Fig. 1: The treatment strategy targeting CAFs to ameliorate the immune TME of CRC.

a Schematic illustration of the antitumor process of NPs through inducing the ferroptosis of CAFs and remodeling the CAFs-related immune TME. b Individuals in the GSE17538 cohort are stratified into low and high CAF groups based on MCP-counter derived CAF abundance by the optimal cutoff value. Box plots depict the median (centre line), interquartile range (25th-75th percentiles; box), and 1.5 × interquartile range (whiskers). For the low group: min = 7.682, Q1 = 8.675, median = 8.873, Q3 = 9.165, max = 9.414 (n = 134 patients); for the high group: min = 9.424, Q1 = 9.547, median = 9.673, Q3 = 9.826, max = 10.854 (n = 98 patients).

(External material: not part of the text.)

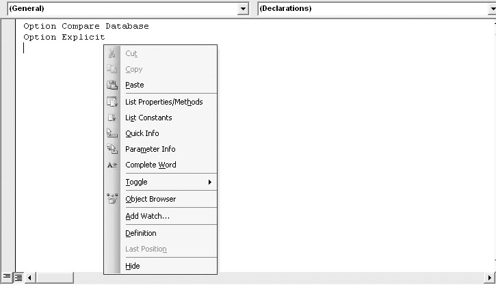 In addition to using the individual menus, you can right-click in the Code window and get a list of commonly used menu items, as shown in Figure 7-2. This is a static menu that offers one-click access to some common menu commands. It is not a dynamic menu whose contents reflect menu items that you’ve recently selected.

Statistical significance is assessed using a two-sided Mann-Whitney U test. c Kaplan-Meier curves of 232 colon cancer patients from the GSE17538 cohort stratified by CAF abundance assessed using the MCP-counter method. Tick marks indicate censored events. P values are calculated using a two-sided log-rank test, and hazard ratios (HRs) with 95% confidence intervals are estimated using univariate Cox proportional hazards regression. Source data are provided as a Source Data file.